> [WHAT IS BEING ASKED]:
Transcribe the records below from the first line to the line that includes "- I believe", inclusive, and omit the pictures.

[Stored data]

--

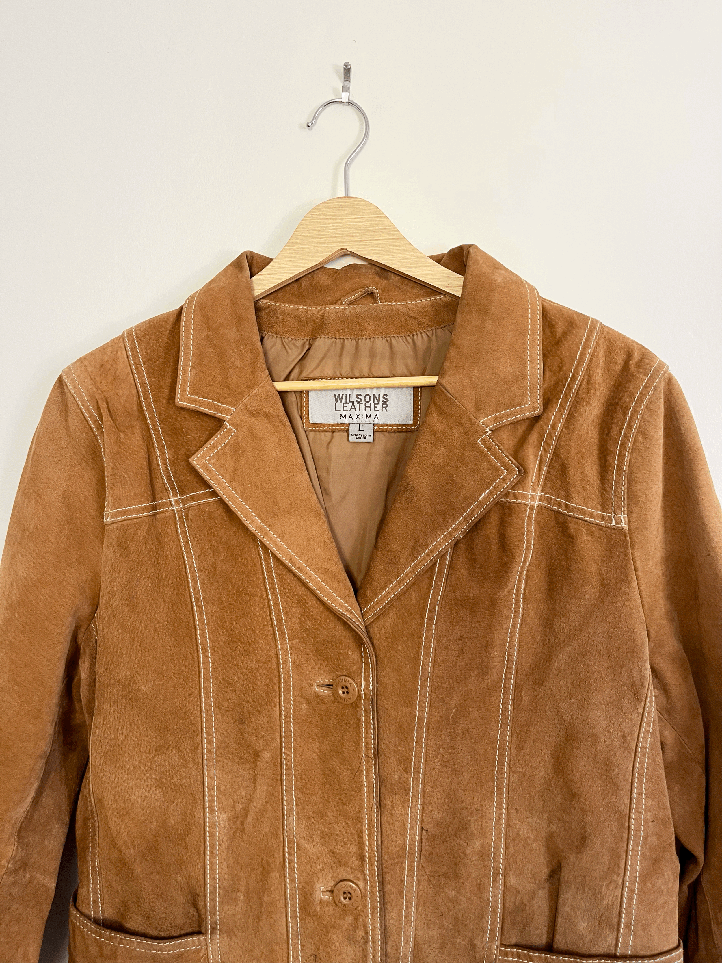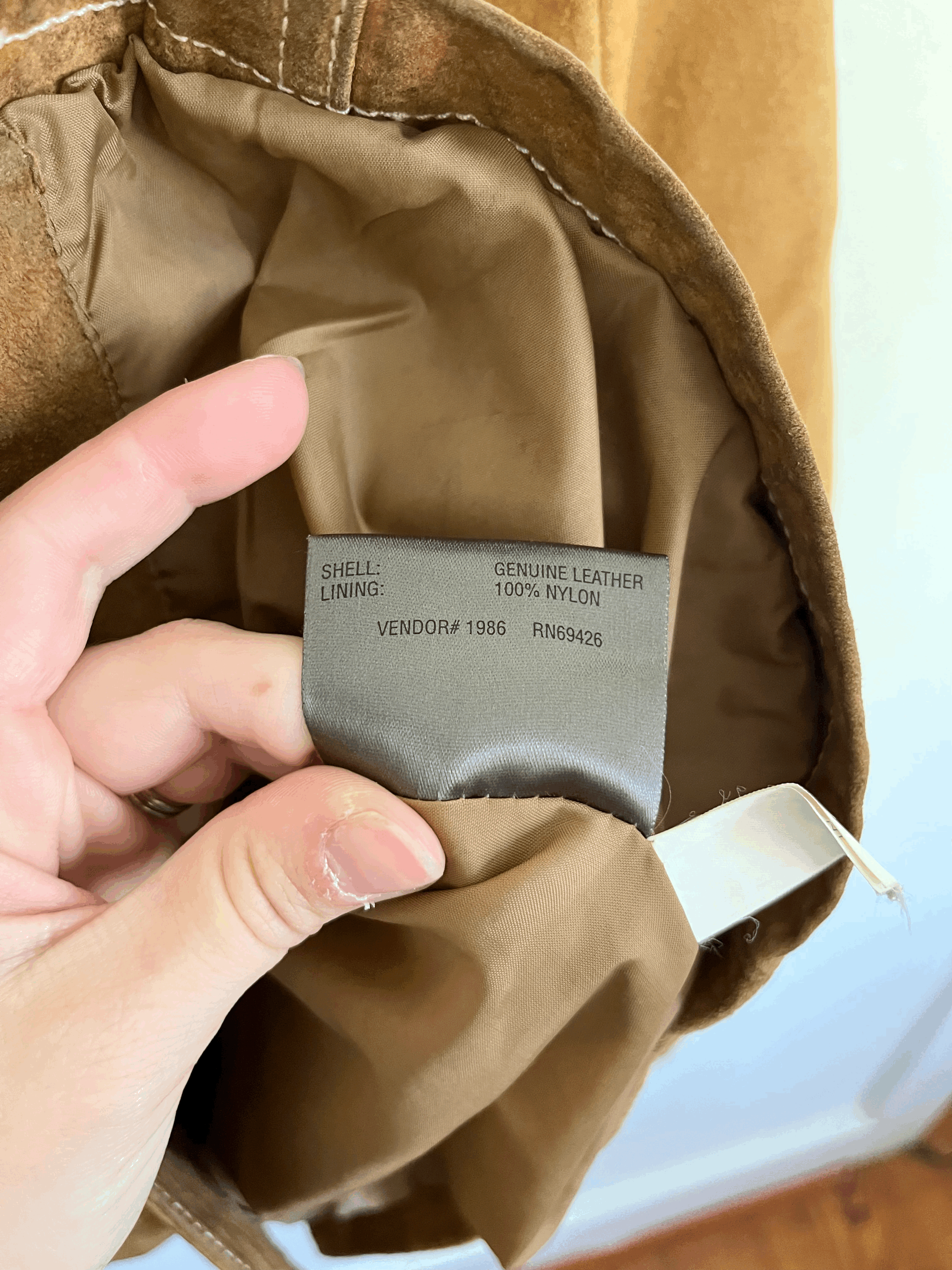 Vintage brown and orange thick faux leather sherpa vest in a Western style. Features a cream thick sherpa lining, copper button closure, and two front pockets. Staining and discoloration throughout. Made in the USA. Wrangler brand.
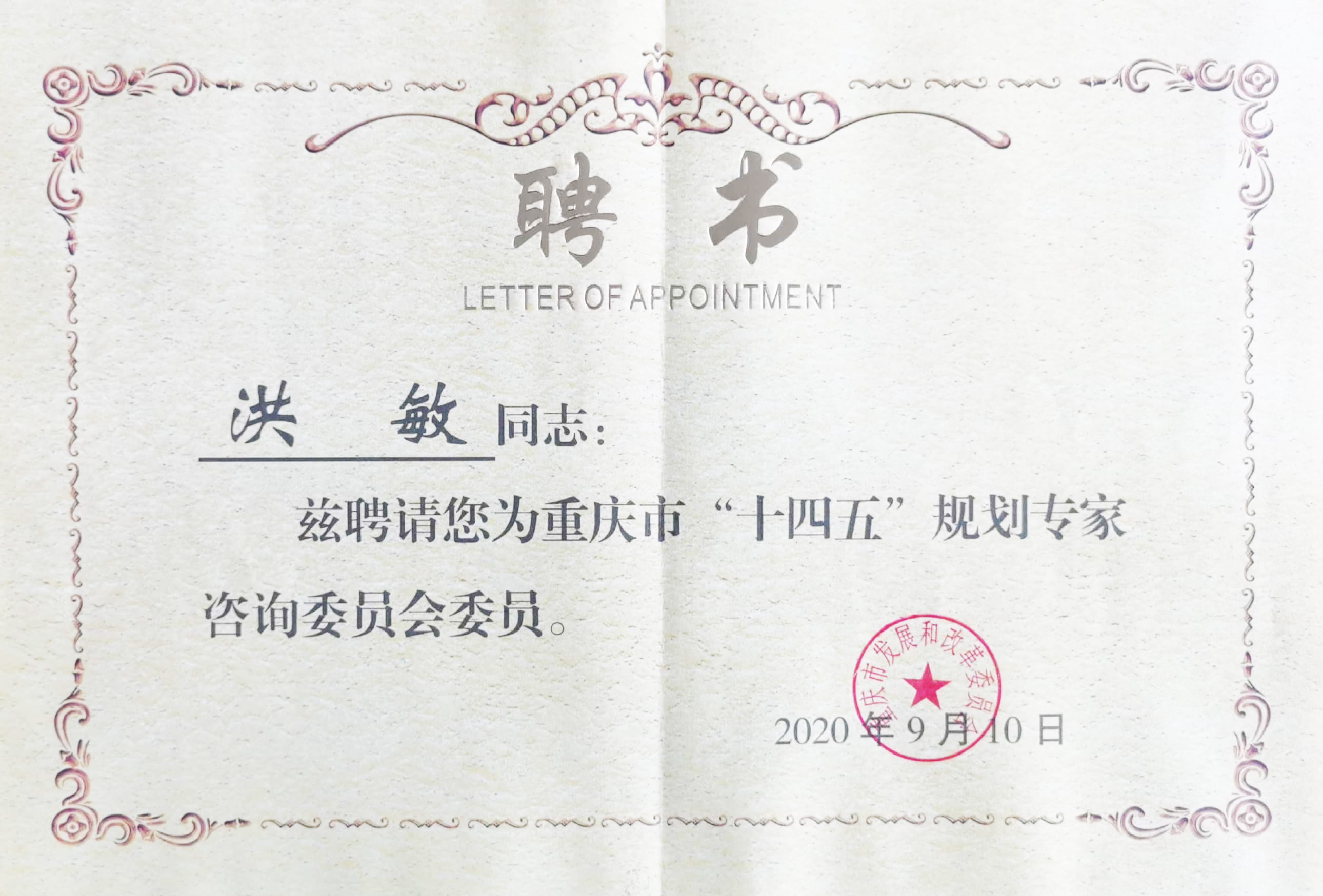 熱烈祝賀集團(tuán)董事長(zhǎng)洪敏 獲聘重慶市“十四五”規(guī)劃專家咨詢委員會(huì)委員
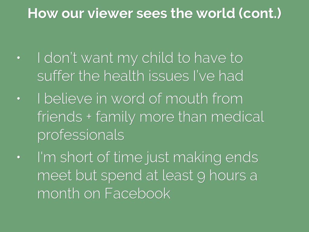 - I believe in word of mouth from friends + family more than medical professionals
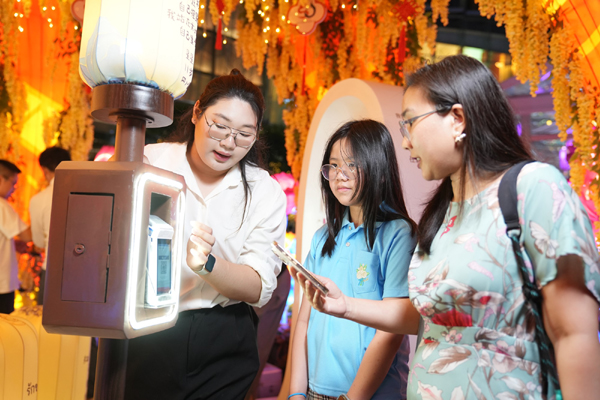 กิจกรรมการกุศล “บทกวีจากเครื่อง POS UnionPay” ภายใต้ธีมโคมไฟ “ดอกไม้แห่งมิตรภาพจีน–ไทย”ซึ่ง เป็นหนึ่งในไฮไลต์สำคัญ โคมไฟขนาดใหญ่สวยงามตระการตาถูกตั้งอยู่กลางพื้นที่จัดงาน รายล้อมด้วยโคมไฟจีนหลากขนาด แต่ละดวงประดับประดาด้วยลวดลายจีนอันเป็นเอกลักษณ์และบทกวีของเด็กๆ จีนและไทยด้วยสองภาษา ออกแบบอย่างวิจิตร จัดวางเป็น “แม่น้ำแห่งบทกวี” ที่ไหลจากทางเข้าไปยังด้านใน สื่อถึงบทกวีจากจีนที่เดินทางข้ามน้ำข้ามทะเลมาถึงไทย บนสายน้ำประดับด้วยโคมไฟ สร้างบรรยากาศอันเปี่ยมไปด้วยกลิ่นอายบทกวี เด็กๆ ไทยอ่านบทกวีของเพื่อนชาวจีนด้วยความสนุกสนาน ขณะที่ผู้เข้าชมสามารถใช้บัตร UnionPay ร่วมบริจาคผ่านเครื่อง POS เพื่อรับสลิปบทกวีสองภาษาจีน-ไทย และหากเข้าร่วมกิจกรรมบันทึกเสียงหลังจากบันทึกการอ่านบทกวีแล้วก็จะได้รับคิวอาร์โค้ด ติดบนการ์ดบทกวีเป็นที่ระลึกพิเศษ โดยรายได้จากการบริจาคทั้งหมดจะมอบให้มูลนิธิสายเด็ก 1387 เพื่อนำไปส่งเสริม พัฒนาชีวิตและการศึกษาของเด็กไทยให้ดีขึ้น
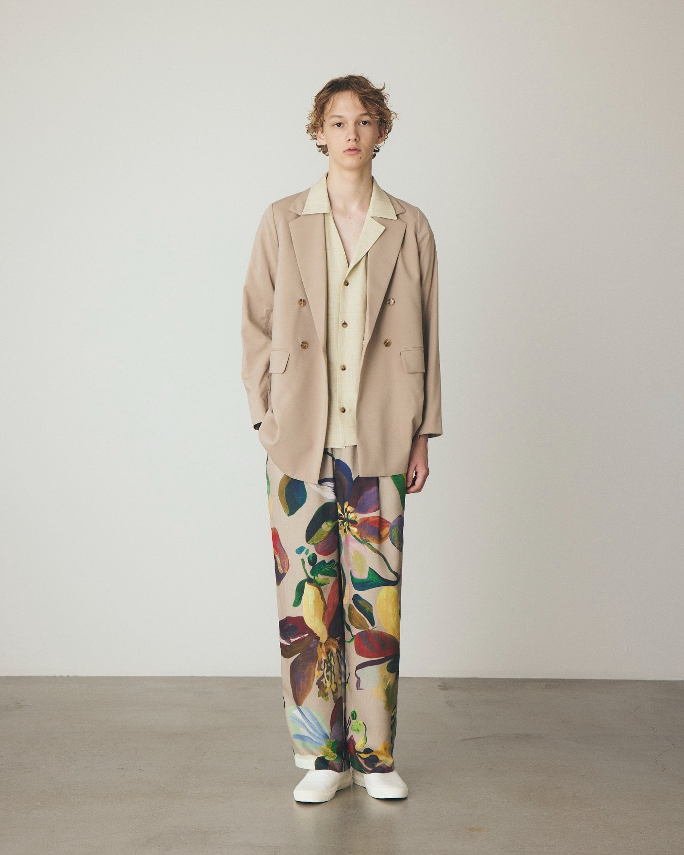 スタイリング: 同素材のパンツとセットアップでモードに/Tシャツの上に軽やかに羽織ってカジュアルに
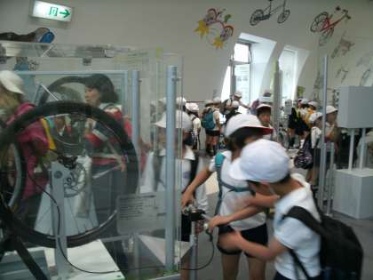 自転車博物館で昔の自転車を見学した後、実際に昔の自転車に乗る体験をしました。

--

> [ANSWER TO THE PROBLEM]:
 Vintage brown and orange thick faux leather sherpa vest in a Western style. Features a cream thick sherpa lining, copper button closure, and two front pockets. Staining and discoloration throughout. Made in the USA. Wrangler brand.
 熱烈祝賀集團(tuán)董事長(zhǎng)洪敏 獲聘重慶市“十四五”規(guī)劃專家咨詢委員會(huì)委員
 - I believe in word of mouth from friends + family more than medical professionals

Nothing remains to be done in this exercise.